─── PROVIDED RECORDS
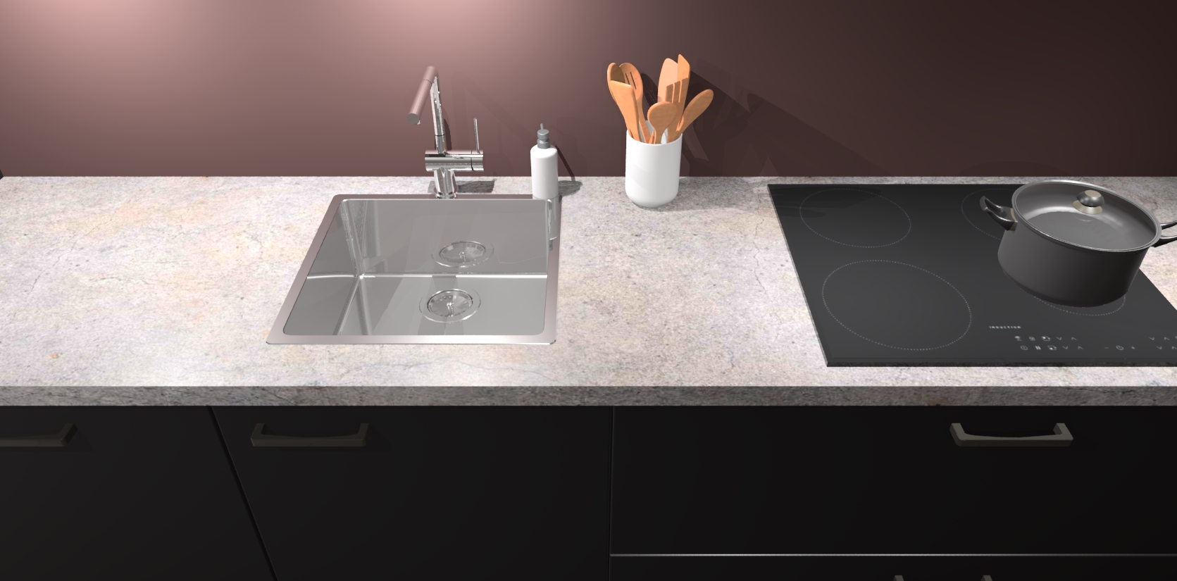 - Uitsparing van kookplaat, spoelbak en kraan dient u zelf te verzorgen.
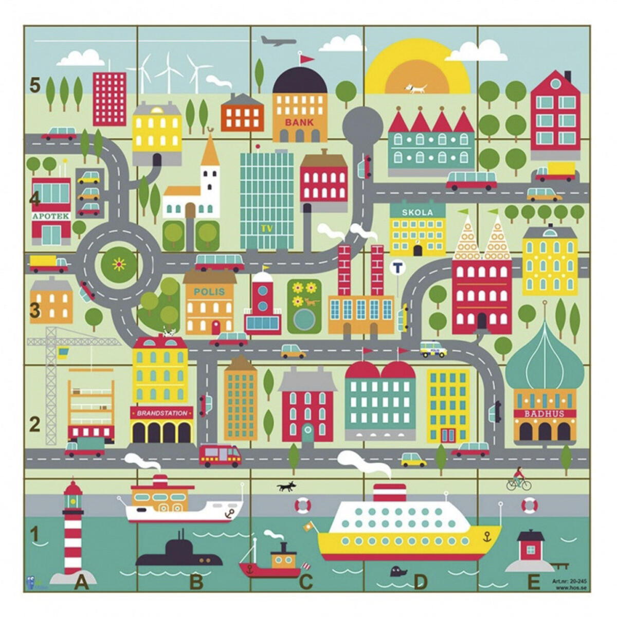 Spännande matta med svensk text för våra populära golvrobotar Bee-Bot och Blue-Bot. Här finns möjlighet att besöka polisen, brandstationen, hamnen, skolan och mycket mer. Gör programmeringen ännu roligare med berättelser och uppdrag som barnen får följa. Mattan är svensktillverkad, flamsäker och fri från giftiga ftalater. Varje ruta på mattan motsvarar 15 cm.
──────
─── PROVIDED RECORDS
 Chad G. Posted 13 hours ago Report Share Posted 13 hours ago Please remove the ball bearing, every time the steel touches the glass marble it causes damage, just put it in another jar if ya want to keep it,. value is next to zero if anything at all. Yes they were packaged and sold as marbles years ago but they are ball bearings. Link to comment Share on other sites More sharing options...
──────
─── PROVIDED RECORDS
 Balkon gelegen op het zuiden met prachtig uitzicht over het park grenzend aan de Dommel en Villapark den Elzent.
──────
» **WORK REQUIRED**: Only the lines above from the one containing "- Uitsparing van" through the one containing "Spännande matta med" should be returned, verbatim and inclusive, with pictures excluded.

» **ANSWER BOX**:
 - Uitsparing van kookplaat, spoelbak en kraan dient u zelf te verzorgen.
 Spännande matta med svensk text för våra populära golvrobotar Bee-Bot och Blue-Bot. Här finns möjlighet att besöka polisen, brandstationen, hamnen, skolan och mycket mer. Gör programmeringen ännu roligare med berättelser och uppdrag som barnen får följa. Mattan är svensktillverkad, flamsäker och fri från giftiga ftalater. Varje ruta på mattan motsvarar 15 cm.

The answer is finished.